### Collected data entries
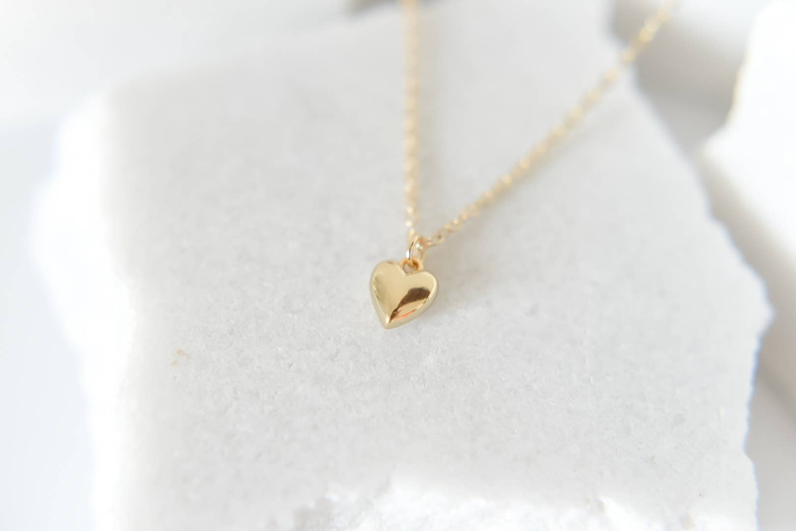 dainty necklace with gold bubble heart charm *dainty gold necklace *18k gold plated *tarnish resistant *lobster claw clasp *18in *dainty 1.5 mm chain *gold bubble heart charm (18k gold plated
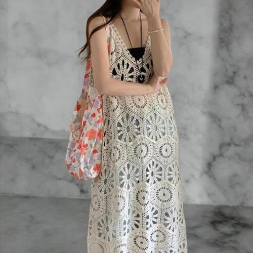 [셀럽하우스]여성 ZQCY4823 끈나시 브이넥 패턴 원피스
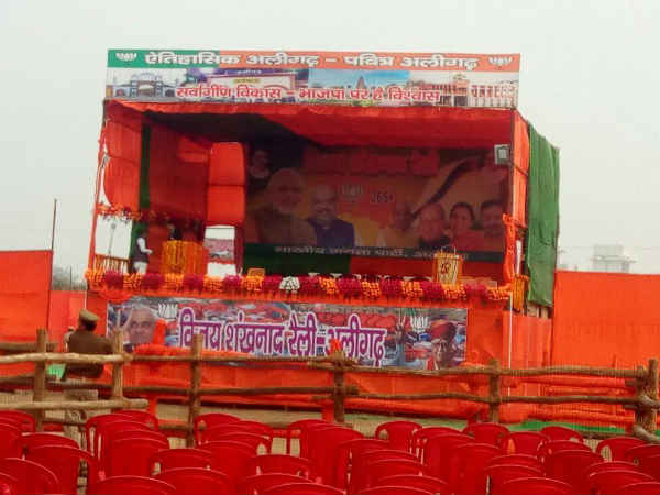 पीएम मोदी जिस मंच से लोगों को संबोधित करेंगे उसकी उंचाई तकरीबन 22 फुट है, इसके साथ ही पीएम की रैली के मद्देनजर सुरक्षा के पुख्ता इंतजाम किए गए हैं। मंच के सामने दो ब्लॉक बनाए गए हैं जहां एक तरफ मीडिया गैलरी है तो दूसरी तरफ वीआईपी गैलरी है। पीएम की रैली में तमाम केंद्रीय मंत्रियों व प्रदेश के नेता भी हिस्सा लेने पहुंचेंगे। आखिरी बार जब प्रधानमंत्री मोदी अलीगढ़ आए थे तो वह गुजरात के मुख्यमंत्री थे और लोकसभा चुनाव के लिए प्रचार कर रहे थे।
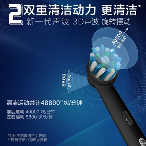 双重清洁动力,声波击碎牙渍,清洁力更强牙齿更亮洁清新。机身防水设计,无惧刷牙遇水问题,使用寿命长久。
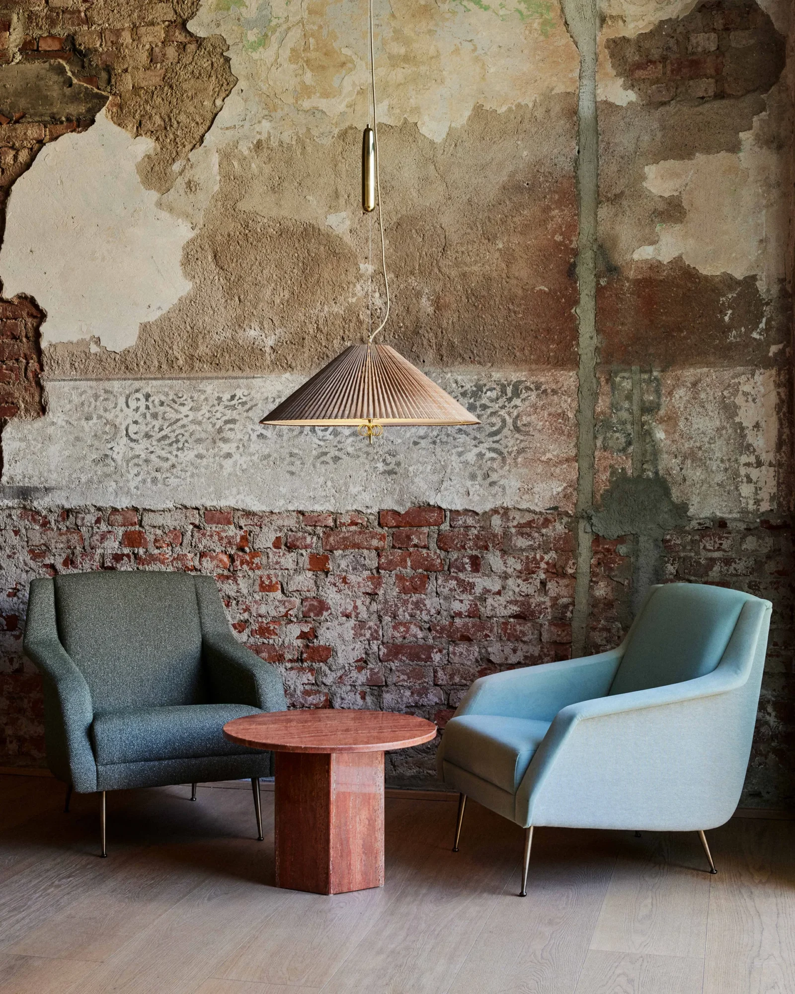 The A1972 Pendant exemplifies Paavo Tynell’s poetic approach to materiality, pairing natural textures with refined brass detailing in a design that feels both organic and enduring. Created during the height of his mid-century practice, the pendant reflects Tynell’s sensitivity to craftsmanship and his gift for transforming humble materials into luminous works of art.
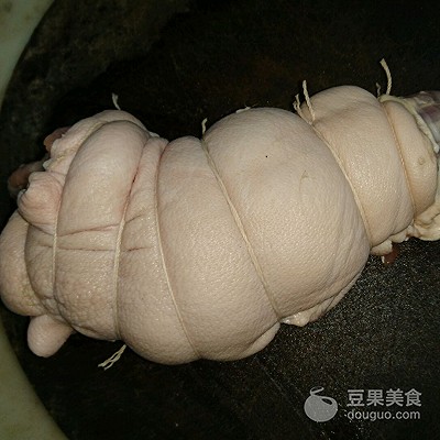 1、猪肘让档主帮忙去骨,洗干净,用棉线分段 将猪肘捆紧

### Your task
Whenever images occur above, omit them and retype each line exactly as it stands.

### Answer to this task
 dainty necklace with gold bubble heart charm *dainty gold necklace *18k gold plated *tarnish resistant *lobster claw clasp *18in *dainty 1.5 mm chain *gold bubble heart charm (18k gold plated
 [셀럽하우스]여성 ZQCY4823 끈나시 브이넥 패턴 원피스
 पीएम मोदी जिस मंच से लोगों को संबोधित करेंगे उसकी उंचाई तकरीबन 22 फुट है, इसके साथ ही पीएम की रैली के मद्देनजर सुरक्षा के पुख्ता इंतजाम किए गए हैं। मंच के सामने दो ब्लॉक बनाए गए हैं जहां एक तरफ मीडिया गैलरी है तो दूसरी तरफ वीआईपी गैलरी है। पीएम की रैली में तमाम केंद्रीय मंत्रियों व प्रदेश के नेता भी हिस्सा लेने पहुंचेंगे। आखिरी बार जब प्रधानमंत्री मोदी अलीगढ़ आए थे तो वह गुजरात के मुख्यमंत्री थे और लोकसभा चुनाव के लिए प्रचार कर रहे थे।
 双重清洁动力,声波击碎牙渍,清洁力更强牙齿更亮洁清新。机身防水设计,无惧刷牙遇水问题,使用寿命长久。
 The A1972 Pendant exemplifies Paavo Tynell’s poetic approach to materiality, pairing natural textures with refined brass detailing in a design that feels both organic and enduring. Created during the height of his mid-century practice, the pendant reflects Tynell’s sensitivity to craftsmanship and his gift for transforming humble materials into luminous works of art.
 1、猪肘让档主帮忙去骨,洗干净,用棉线分段 将猪肘捆紧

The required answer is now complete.